Fluorescence in situ hybridisation, or FISH, is also very popular these days. This also uses probes. These are not only made of artificially produced DNA, but also have an attachment. This is a fluorescent dye. When the probe attaches, it produces a coloured light signal that can be seen under an electron microscope with special software. Several probes of different colours can be used at the same time.

The aim of cytogenetics

All cytogenetic methods are used to analyse the genome as precisely as possible. In addition to reproductive medicine, this is also extremely important in the diagnosis and treatment of tumours in order to achieve maximum therapeutic success. Genetic engineering, particularly in agriculture, also makes use of these methods, even cutting out individual genes and replacing them with others. This results in new, more resistant plant varieties.

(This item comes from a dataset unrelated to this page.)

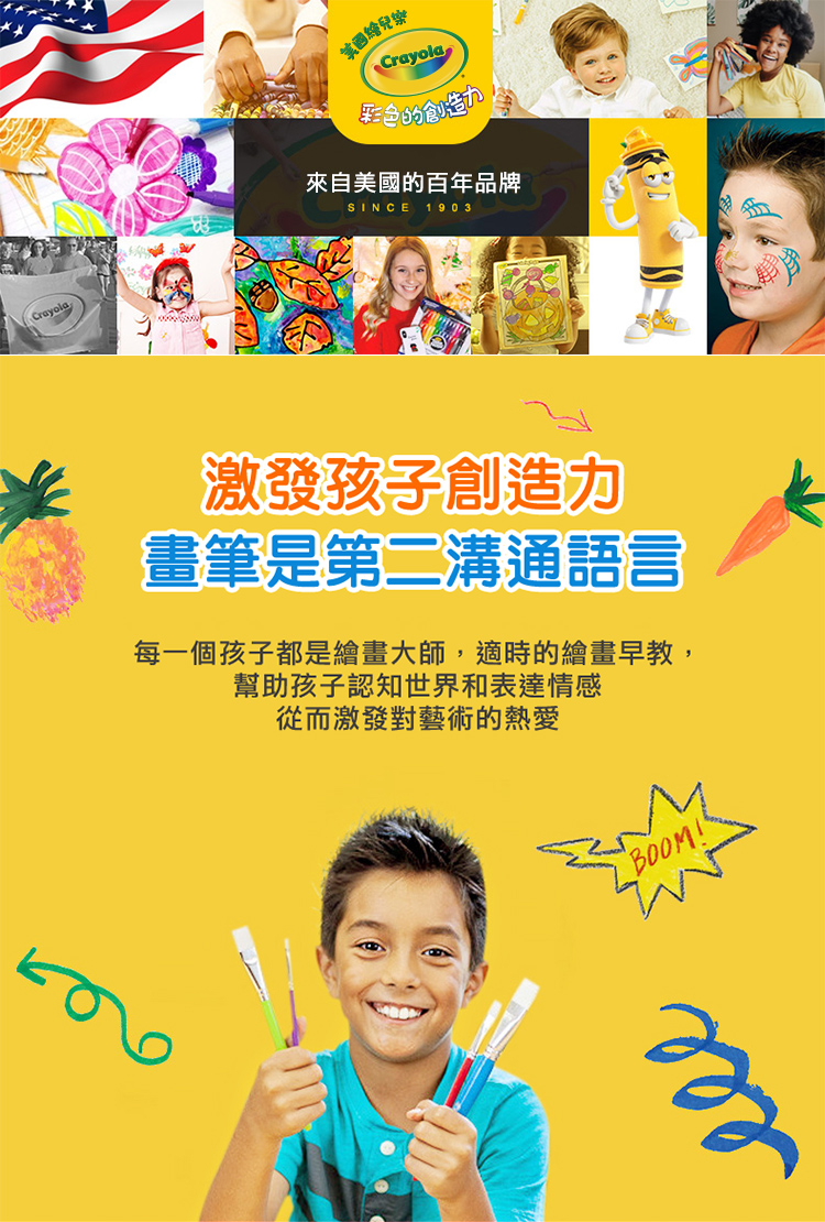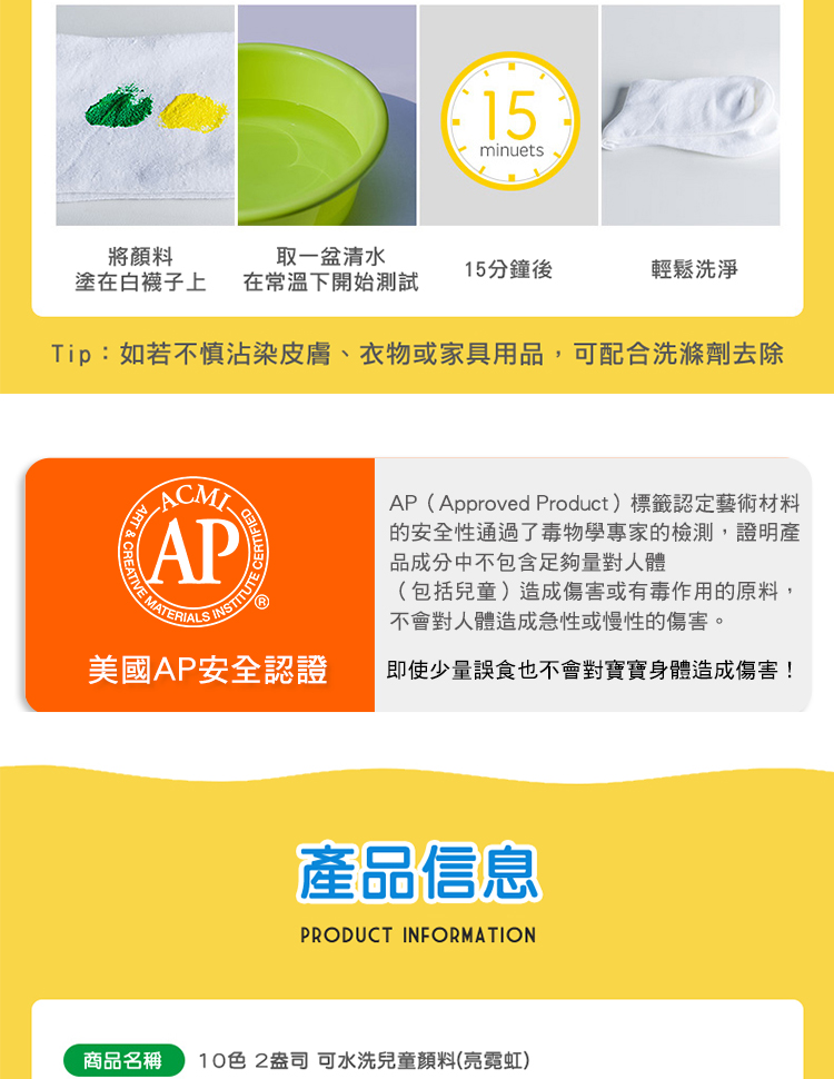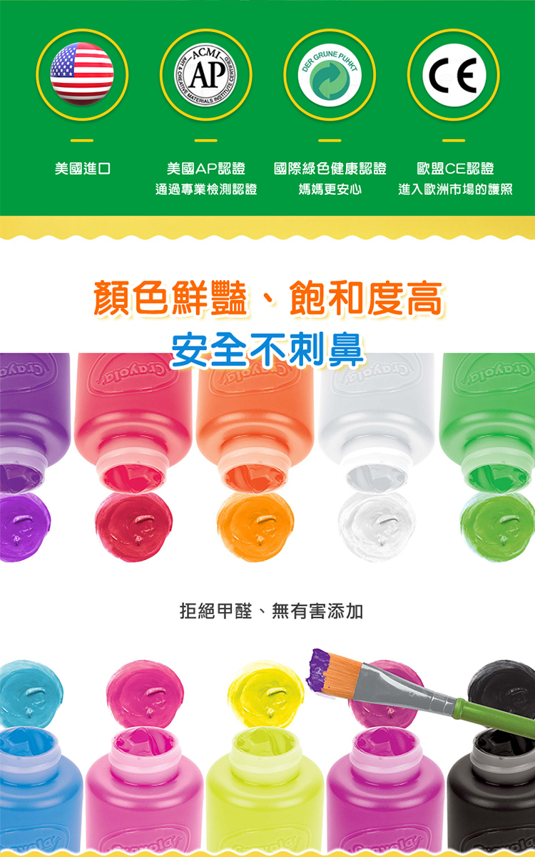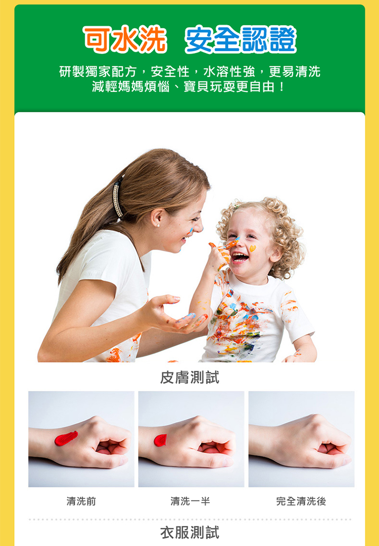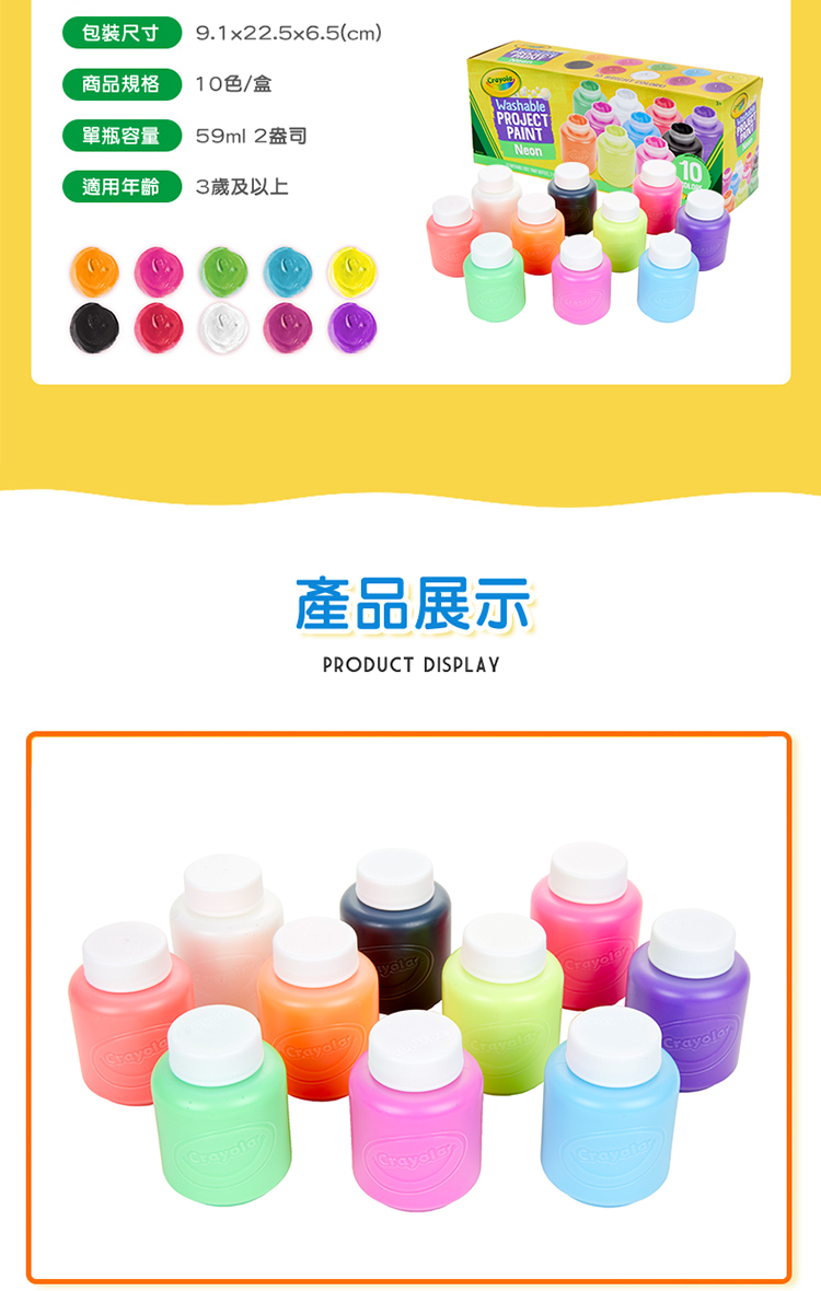 採用高濃縮顏料製成,色彩鮮豔、混色均勻,不同顏色可相互疊加 產品通過AP/CE 雙認證標章 可水洗顏料,塗抹於皮膚、衣服、傢俱,可立即以溫水清除洗淨,無需擔憂 ★ 產品尺寸(包裝):9x22.5x6.5cm ★ 適合年齡:3+ ★ 進口地(產地):美國 ★ 淨重:0.91kg ★ 材質:顏料

In most cases, cytogenetics is a great gain for all concerned. But there is always a flip side. Prenatal diagnosis is therefore always hotly debated, as it is often difficult to find the right ethical position. In most European countries, for example, it is forbidden to experiment with embryos that have not been used in IVF. In other words, no changes may be made to the human genome. But even the less complex methods are often criticised. For example, it is estimated that children are more often aborted if the parents know in advance that they are likely to have a handicap. Since prenatal cytogenetic testing is generally allowed but not compulsory, it is up to you to decide what you think is right for your little family.